Vintage Millinery, Vintage Textile, Copper and Silverwork, Fabric design, Lino Prints
This is a photo-story of my journey into flower pounding or Hapa Zome (the latter term coined by India Flint in her book Eco Colour to describe the process of hammering flowers and leaves into fabric). It was a journey that began quite accidentally for me when in spring 2018 I found what was then a rare pin on pinterest that showed fabric with flowers pounded into its surface. I was immediately struck by the beauty and simplicity of the idea and I still am enthralled by the instant alchemy of that moment of revelation, when the fabric is pulled back and an perfect imprint is visible next to the fragile paper thin plant that has given its ghost away to the textile. At the time I thought it would be a good way to keep the children entertained in the holidays involving as it did a small amount of violence, a hammer and the wild outdoors. Eadlin and Lufian enjoyed it momentarily, but it turned out I enjoyed it more. Two summers later I have found myself a new term to satisfactorily explain the vagrant nature of the colours you can achieve -Flower Ghosts- and have, piled neatly in an antique bookcase in the study, metres and metres of carefully designed painstakingly laboured fabric waiting to be digitised and printed. Hours of work and instinctive design have gone into each piece you see below. Through trial and error I have come to know the flowers that work and the ones that don’t, like the forget-me-not, the blue of which instantaneously turns brown the moment it comes into contact with the weave. I will never forget the disappointment of that brown, sitting next to the pulverized blue of the minature petals. However, I will also not forget the many many more, often most unlikely, flowers and leaves that work so well they still make me gasp when I see them. Some are wild some are not. Most I now cultivate sustainably in the small dye garden I made outside my Shed-studio in February 2019, so I could save the time spent rambling in the the countryside, probably breaking the law, and actually hammer.

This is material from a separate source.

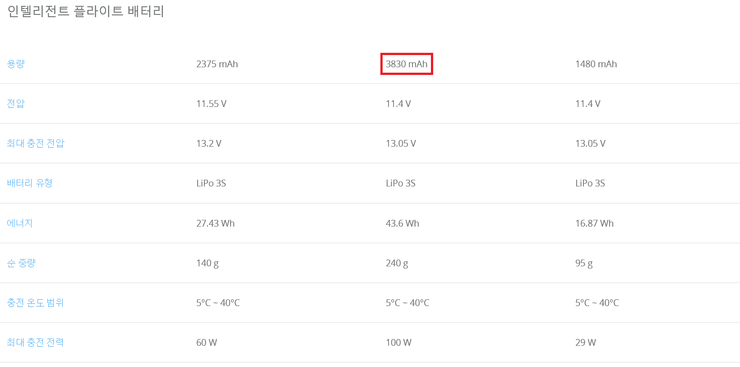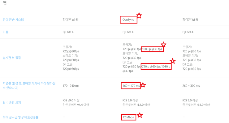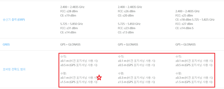 DJI 홈페이상의 공식 스펙 화면에서 관심을 가지고 보아야 할 부분을 표시해 보았습니다.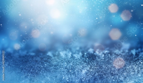 Generative AI : Beautiful Christmas background with with crystals of hoarfrost and snow closeup macro on a blue background Natural winter background

Time is of course the issue with this process. It can take up to a week to fill a metre square of calico with colour in this way. My arm aches like a drummers by the time the summer wanes, but it is a happy ache. Time intervenes in another way too because many flowers have a small lifespan and only a short window in which to commit them all to fabric. I spent months looking forward to the London Pride and the Smoke Bush to flower last year, only to be caught immediately in a race to transfer them all to calico. The hammering could be heard all over the village and was not gratefully received in all quarters, but I knew that if I didn’t fix them whilst they bloomed they would be gone, and I would have to wait a whole year before I could use them again. it is only now after two years experience that I can approach the spring with designs in mind before the flowers emerge. Now I know how they behave, how they endure and when they appear, I can begin to imagine design combinations before the winter has even ended that give what I produce in the summer more coherency. It is less spontaneous but still a free process because the individual shape of each flower, stalk and leaf means that there is never a direct replication and what you think you will get is always superceded by something more original than you could have hoped for.